AI Coding Agents confirm that Agile and XP still stand
Clean code, XP, and some Agile practices have curiously made a big comeback now that we use AI coding agents like Claude Code, Augment, or Cursor.
“Come back” might be a strong word here - after all, hopefully, most teams have been following these practices all along. Nevertheless, it’s now clear that the practices that kept us - human software engineers - sane and productive all these years are even more relevant now with AI agents for coding. Ultimately, they benefit both human and AI.

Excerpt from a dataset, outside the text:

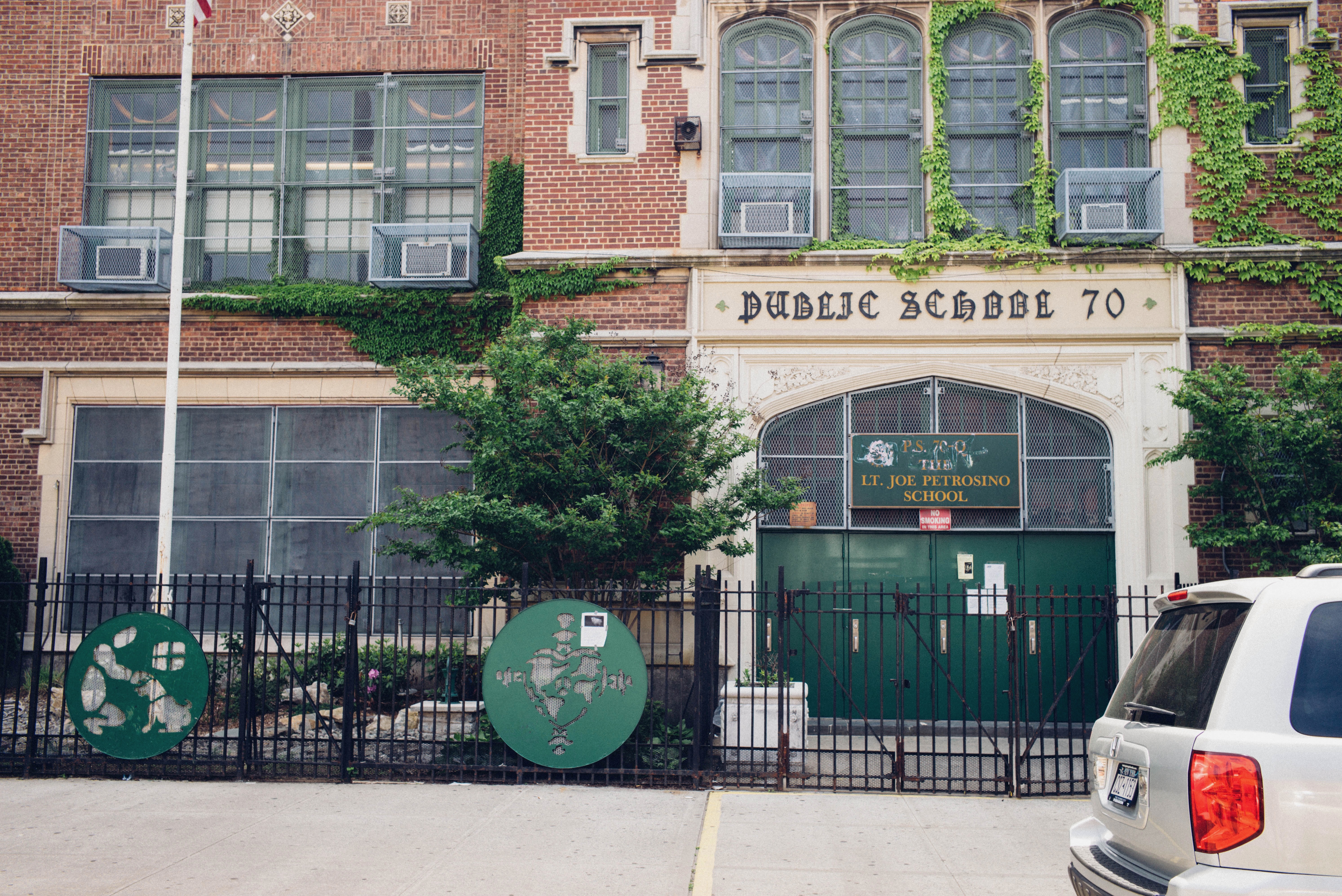 The photograph captures the historic facade of Public School 70, adorned with creeping ivy that breathes life into its vintage brick structure. Natural light filters through the broad windows, enhancing the welcoming yet nostalgic atmosphere of the school, while the surrounding greenery adds a touch of warmth and vibrancy. The overall composition juxtaposes the sturdy architecture against the gentle encroachment of nature, symbolizing a blend of tradition and growth.

AI × XP, in legacy and greenfield projects
Teams that have been writing clean code, designing clear architectures with good abstractions and separation of concerns, relying on unit tests, and keeping the documentation up to date now find themselves in an advantageous position when it comes to using Claude Code and similar tools. Granted, documentation and unit tests can now be easily generated with AI, and the code can be refactored, but good groundwork and the proper testing or documentation of those pesky corner cases still provide a significant advantage. Anyone who survived the “rewrite this whole thing” type of project knows what I mean.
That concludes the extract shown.